寮内の敷地を辺境伯領の領都に置き換えると推測できる場所はそこだ。
「辺境伯領がガンガイル王国の要だって、こういうところでわかるよね」
ウィルがそう言うと、在校生たちがハッとした顔になった。
「受け継がなければいけない知識が継続されていると考えると頼もしいよね」
ケニーの言葉に、今回の留学生一行の旅路はいろいろあったんだろうな、とボリスが呟いた。
研究所の裏に移動すると、まん丸い球体の像が台座に鎮座していた。
キュアとみぃちゃんは早速魔力奉納をしている。
「……これが精霊神の像なのか」
「わからないのは仕方ないよ」
ぼくの言葉にウィルも同じような呆れた口調で言った。
せめて寮長の間で祠巡りの大切さが口頭でも引き継がれていたのなら、寮生たちが魔力奉納をしただろうに……。
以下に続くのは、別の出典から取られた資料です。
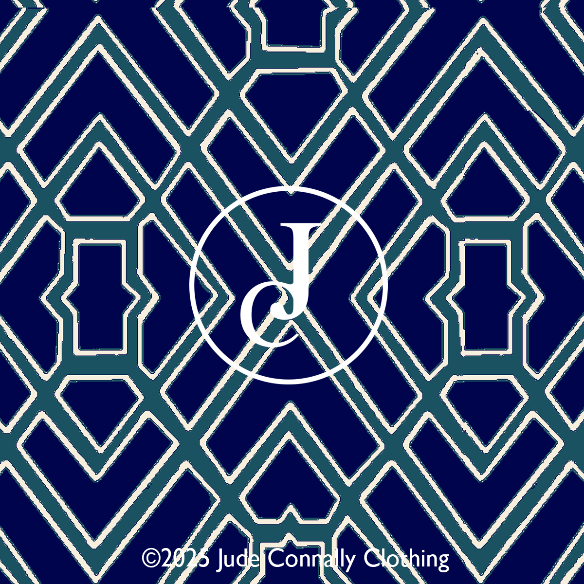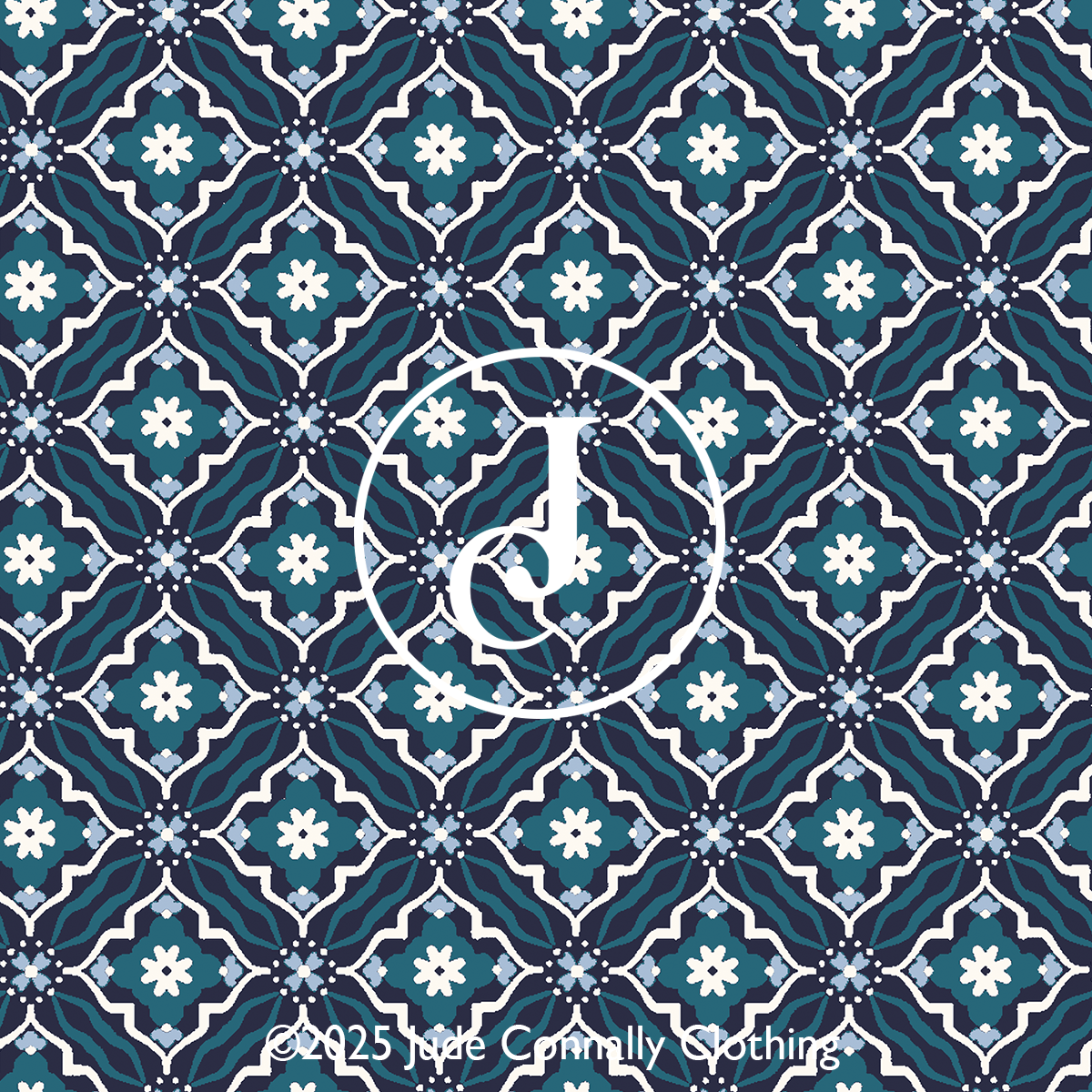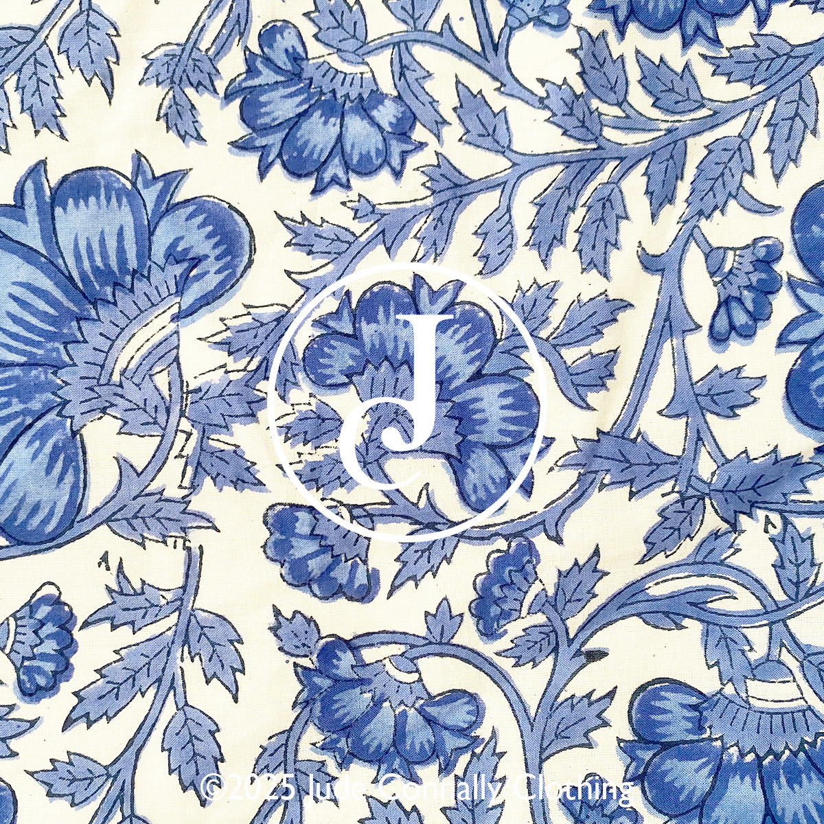 and modern layered look. Bold floral patterns in navy, accented with bright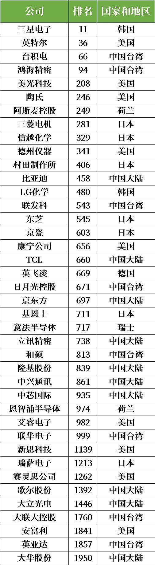 據(jù)統(tǒng)計(jì),2000強(qiáng)榜單中有41家半導(dǎo)體相關(guān)公司,其中包括中國(guó)大陸企業(yè)10家,中國(guó)臺(tái)灣企業(yè)9家。
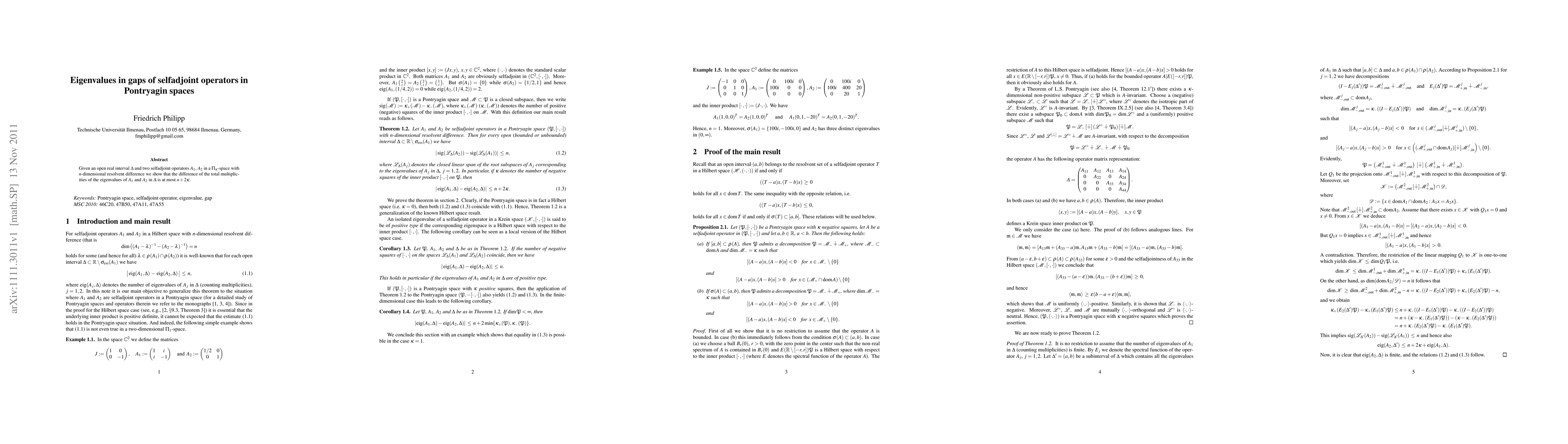 The paper presents a theorem and its proof detailing the bound on the difference in eigenvalue multiplicities for selfadjoint operators in Pontryagin spaces, along with corollaries that provide additional insights into eigenvalue distribution.

知識の断絶を嘆きつつも、数年前までガンガイル王国の国内でさえ、祠巡りは平民のお小遣い稼ぎ程度にしか考えられていなかったことを思い出した。
今まで忘れ去られていてごめんなさい、という気持ちを込めてぼくが魔力奉納をすると、精霊たちが一つ二つと集まり出した。
「やっぱりこうなるよね」
「久しぶりに精霊たちを見た」
マークとビンスが呟くと、そうだそうだ、と在校生たちが喜んだ。
みんなが代わる代わる魔力奉納をすると、精霊たちがどんどん増えていき、色とりどりの光がガンガイル王国寮の敷地全体に広がっていった。
「ああ、カイルが来たんだなって実感するよ」
ボリスがしみじみと言うと、ボリスの足元の研究所の半地下の窓を激しく叩く音がした。
あれ?
手紙を出しても返事を書いてくれない父さんの弟って、研究所の地下に引きこもっているんだったよね。
“……ご主人様。あの方が叔父さんのジェイさんです”
ぼくの足元に控えているシロが精霊言語で教えてくれた。